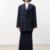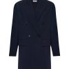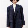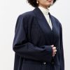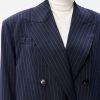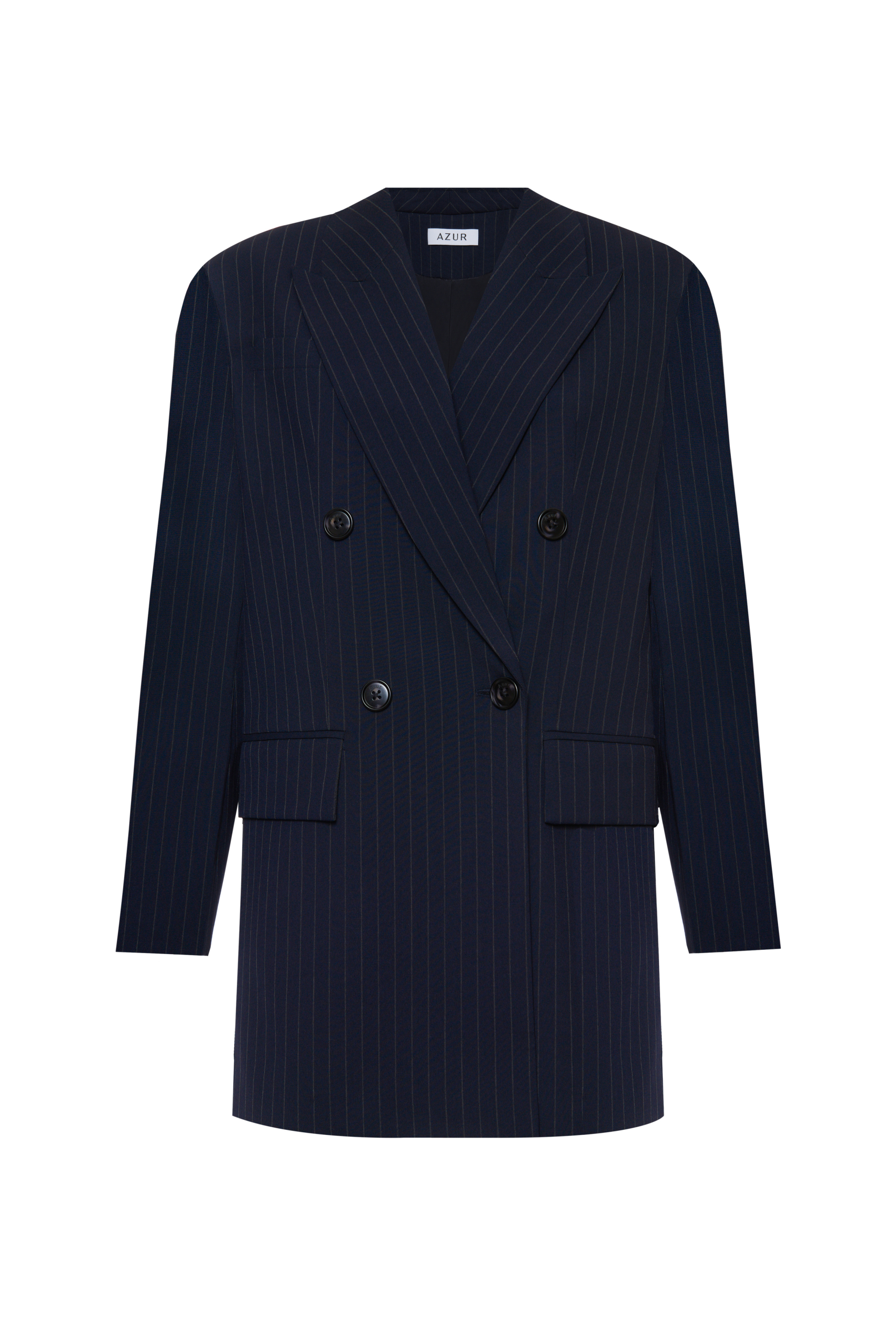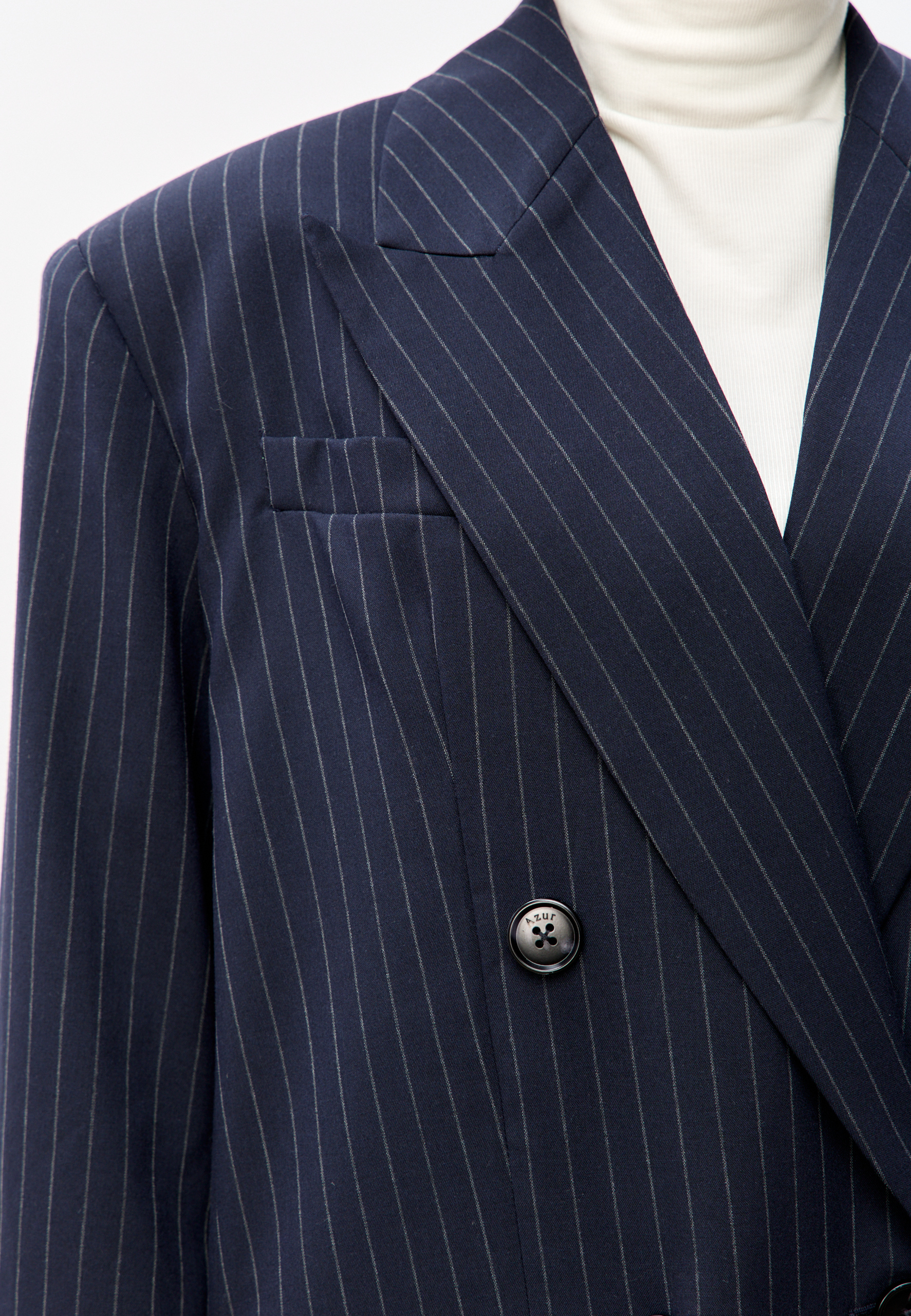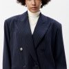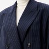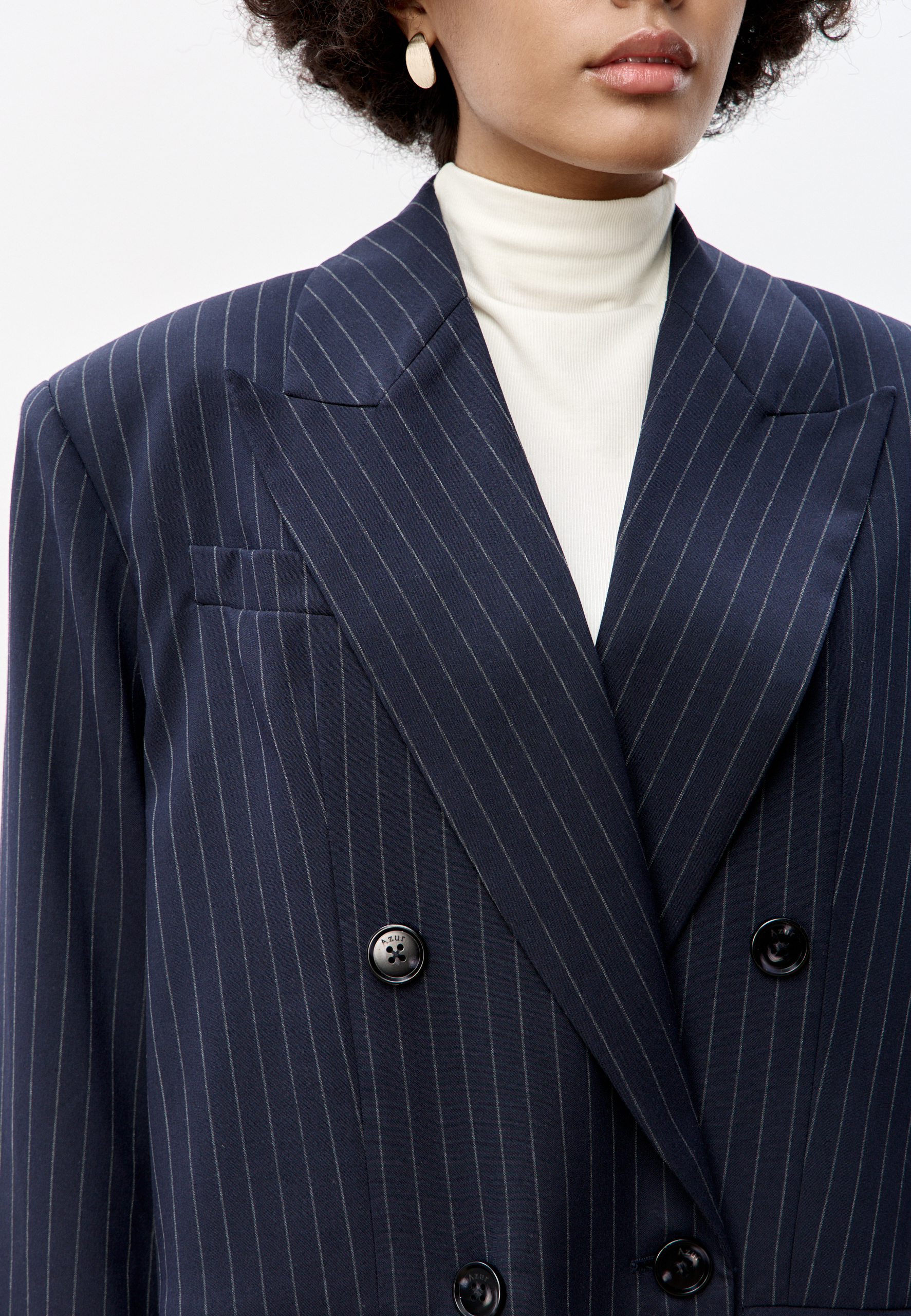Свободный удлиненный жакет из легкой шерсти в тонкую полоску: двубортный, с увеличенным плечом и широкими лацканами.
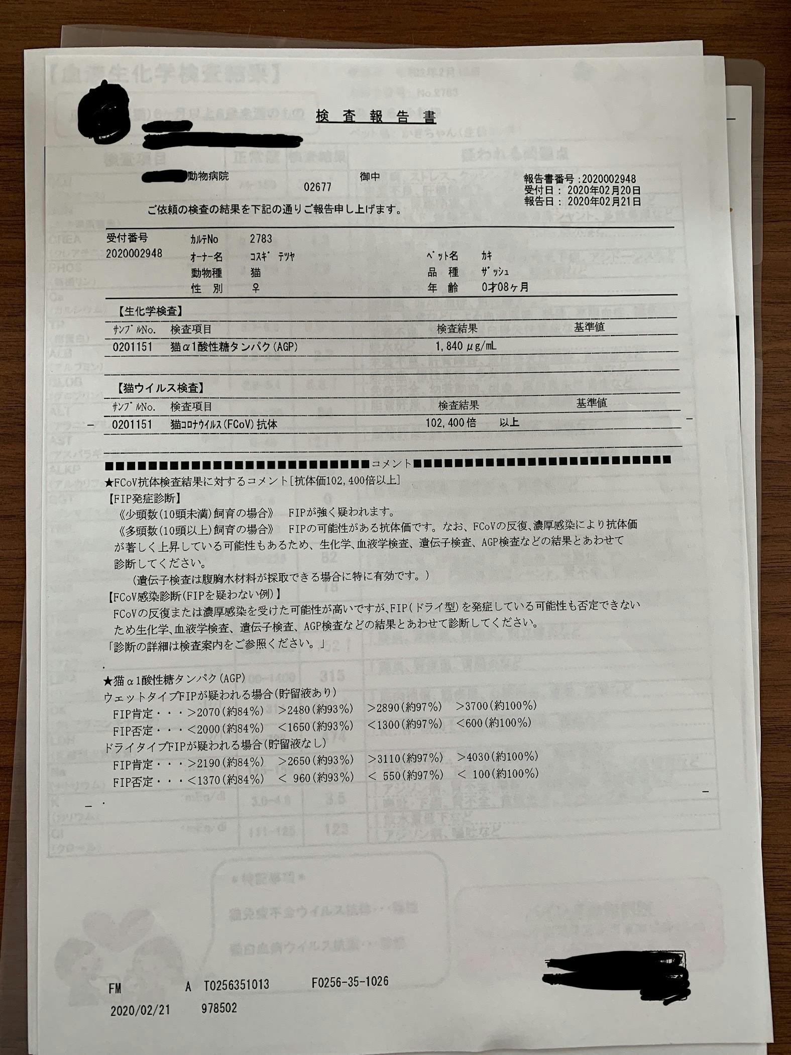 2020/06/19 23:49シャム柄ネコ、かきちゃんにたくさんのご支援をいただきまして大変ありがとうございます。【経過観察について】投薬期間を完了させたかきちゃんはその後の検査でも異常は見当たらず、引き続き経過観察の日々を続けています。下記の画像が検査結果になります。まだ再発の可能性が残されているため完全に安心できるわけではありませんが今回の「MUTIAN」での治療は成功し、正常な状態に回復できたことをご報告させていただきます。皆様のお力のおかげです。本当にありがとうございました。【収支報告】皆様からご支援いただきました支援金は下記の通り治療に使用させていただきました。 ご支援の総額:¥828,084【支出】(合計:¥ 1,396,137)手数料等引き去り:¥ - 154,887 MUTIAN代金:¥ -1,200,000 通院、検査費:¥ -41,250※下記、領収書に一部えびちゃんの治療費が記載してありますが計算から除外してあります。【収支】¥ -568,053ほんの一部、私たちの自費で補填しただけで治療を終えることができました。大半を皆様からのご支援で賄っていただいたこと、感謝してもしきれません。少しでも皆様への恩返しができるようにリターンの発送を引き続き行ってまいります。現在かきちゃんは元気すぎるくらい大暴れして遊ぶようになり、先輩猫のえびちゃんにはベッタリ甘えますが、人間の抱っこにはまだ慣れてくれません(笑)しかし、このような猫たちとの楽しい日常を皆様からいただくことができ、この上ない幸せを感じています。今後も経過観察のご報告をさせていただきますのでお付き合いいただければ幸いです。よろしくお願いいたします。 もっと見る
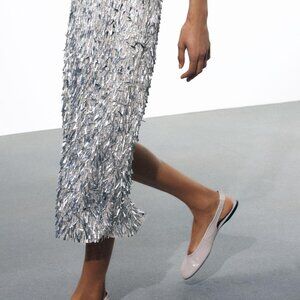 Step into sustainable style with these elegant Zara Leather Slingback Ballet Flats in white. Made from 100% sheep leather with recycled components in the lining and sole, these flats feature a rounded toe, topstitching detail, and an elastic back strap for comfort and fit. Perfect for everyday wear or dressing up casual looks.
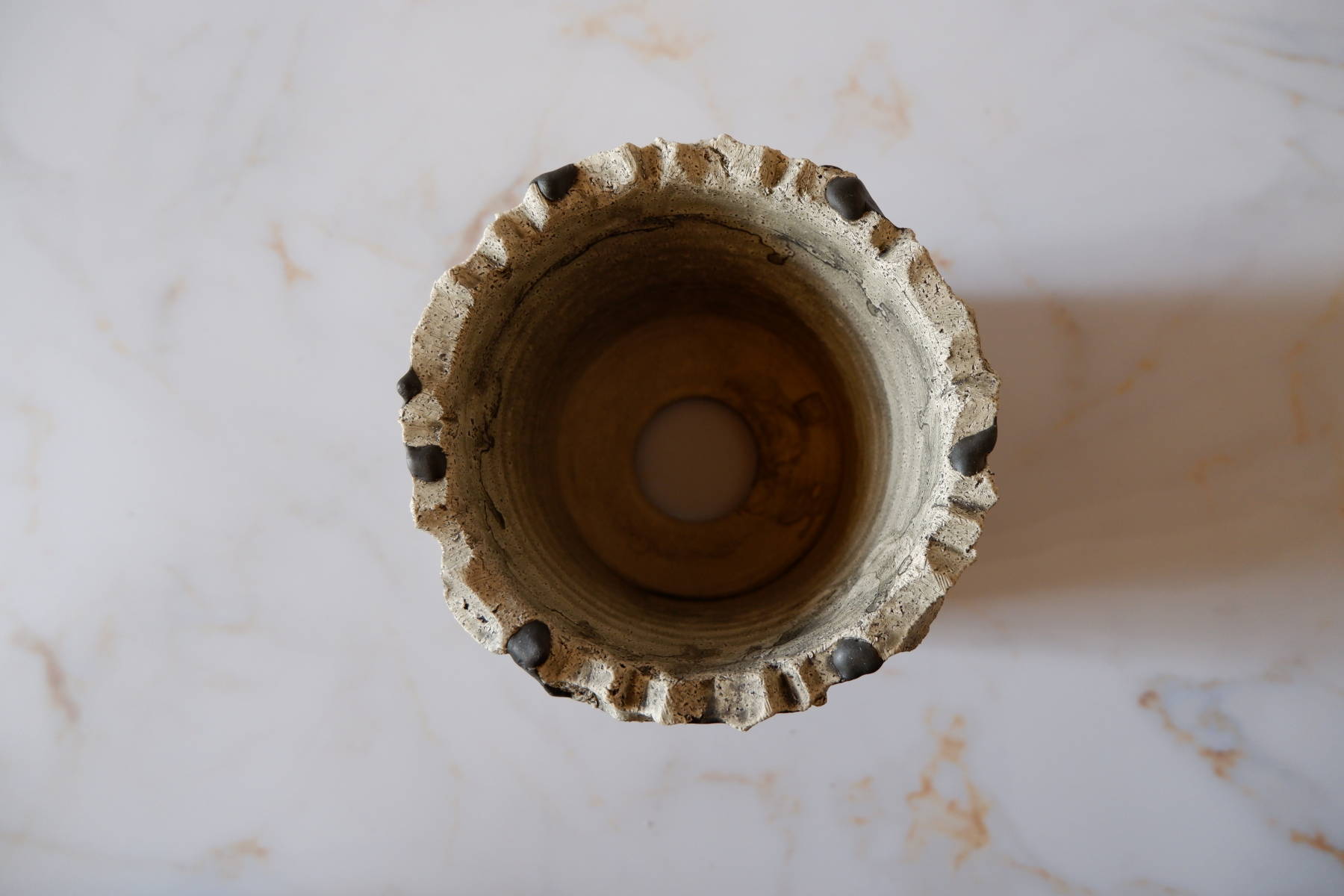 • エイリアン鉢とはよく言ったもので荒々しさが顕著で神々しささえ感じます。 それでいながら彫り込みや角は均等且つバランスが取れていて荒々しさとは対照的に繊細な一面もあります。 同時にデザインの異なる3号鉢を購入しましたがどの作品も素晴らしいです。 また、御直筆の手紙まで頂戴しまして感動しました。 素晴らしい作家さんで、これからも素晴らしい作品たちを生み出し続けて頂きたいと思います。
####
• Exercise: In the data above, find the line containing "1,396,137)手数料等引き去り:¥ - 154,887" and the line containing "Step into sustainable". Repeat those two lines and everything between them exactly, minus the pictures.

• Solution to the exercise:
 2020/06/19 23:49シャム柄ネコ、かきちゃんにたくさんのご支援をいただきまして大変ありがとうございます。【経過観察について】投薬期間を完了させたかきちゃんはその後の検査でも異常は見当たらず、引き続き経過観察の日々を続けています。下記の画像が検査結果になります。まだ再発の可能性が残されているため完全に安心できるわけではありませんが今回の「MUTIAN」での治療は成功し、正常な状態に回復できたことをご報告させていただきます。皆様のお力のおかげです。本当にありがとうございました。【収支報告】皆様からご支援いただきました支援金は下記の通り治療に使用させていただきました。 ご支援の総額:¥828,084【支出】(合計:¥ 1,396,137)手数料等引き去り:¥ - 154,887 MUTIAN代金:¥ -1,200,000 通院、検査費:¥ -41,250※下記、領収書に一部えびちゃんの治療費が記載してありますが計算から除外してあります。【収支】¥ -568,053ほんの一部、私たちの自費で補填しただけで治療を終えることができました。大半を皆様からのご支援で賄っていただいたこと、感謝してもしきれません。少しでも皆様への恩返しができるようにリターンの発送を引き続き行ってまいります。現在かきちゃんは元気すぎるくらい大暴れして遊ぶようになり、先輩猫のえびちゃんにはベッタリ甘えますが、人間の抱っこにはまだ慣れてくれません(笑)しかし、このような猫たちとの楽しい日常を皆様からいただくことができ、この上ない幸せを感じています。今後も経過観察のご報告をさせていただきますのでお付き合いいただければ幸いです。よろしくお願いいたします。 もっと見る
 Step into sustainable style with these elegant Zara Leather Slingback Ballet Flats in white. Made from 100% sheep leather with recycled components in the lining and sole, these flats feature a rounded toe, topstitching detail, and an elastic back strap for comfort and fit. Perfect for everyday wear or dressing up casual looks.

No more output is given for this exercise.